Search code examples
pythonscipycurve-fittingstatsmodelslog-likelihood

Curve fitting implemented using Maximum Likelihood Estimator implementations not working


I'm implementing a Maximum Likelihood Estimator for discrete count data for the purpose of curve fitting, using the result of curve_fit as the starting point for minimize. I defined and tried these methods for multiple distributions, but will include just one for simplicity, which is a logseries distribution.

At this point I have also tried the following methods from statsmodels methods:

  1. statsmodels.discrete.discrete_model.fit
  2. statsmodels.discrete.count_model.fit
  3. statsmodels.base.model.GenericLikelihoodModel

Most curve fits tend to run into overflow errors or nans and zeros inside.
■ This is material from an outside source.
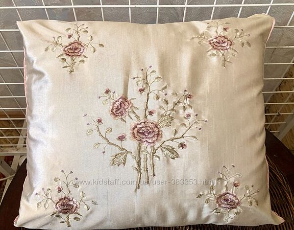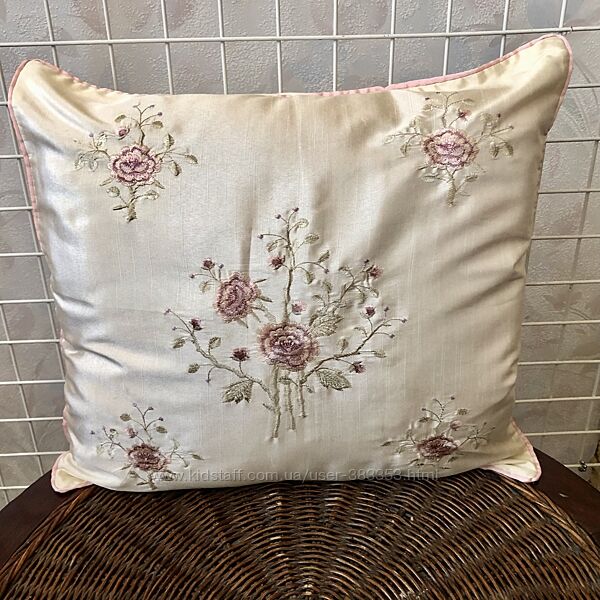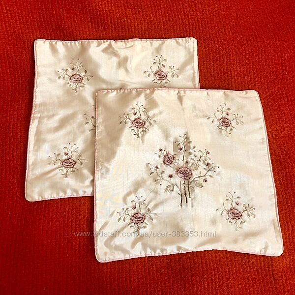 Комплект из 2 наволочек Шелковая ткань цвета сливочного крема -вискоза с полиэстера. Наволочки вышиты гладью - нежные розочки Производитель Китай Состояние новое Для декора подушек. В комплект входят 2 штуки. размер 42х45 смДругие объявления продавца
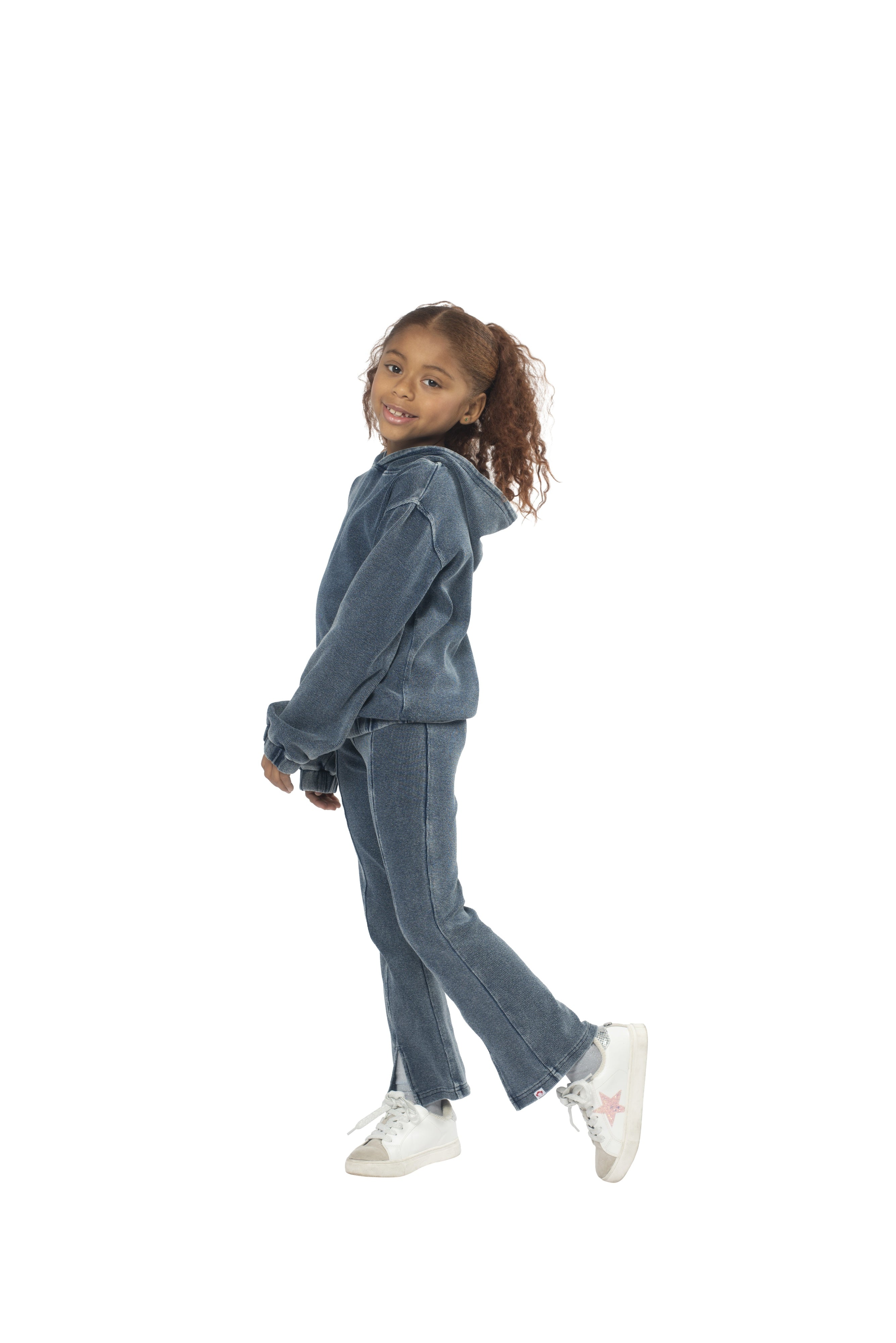 The Flare Slit Legging in Dusk Blue is a stylish twist on everyday comfort! Crafted from denim-inspired fabric, these leggings offer a cool, modern look with a fun flare at the ankle and a bold stripe for added flair. Perfect for active kids, they?re as comfy as they are cute, with just the right amount of stretch. Pair them with the matching Pullover Hoodie in Dusk Blue for a coordinated, effortless outfit that?s ready for playdates, school days, and weekend adventures. Parents will love the durability and versatility, while kids will enjoy the trendy style and cozy feel!

I will detail these errors on another post

#Import a few packages
import numpy as np
from scipy.optimize import curve_fit
from scipy.optimize import minimize
from scipy import stats
from numpy import log
import numpy as np
import matplotlib.pyplot as plt

#Given data
x=np.arange(1, 28, 1)
y=np.array([18899, 10427, 6280, 4281, 2736, 1835, 1158, 746, 467, 328, 201, 129, 65, 69, 39, 21, 15, 10, 3, 3, 1, 1, 1, 1, 1, 1, 1])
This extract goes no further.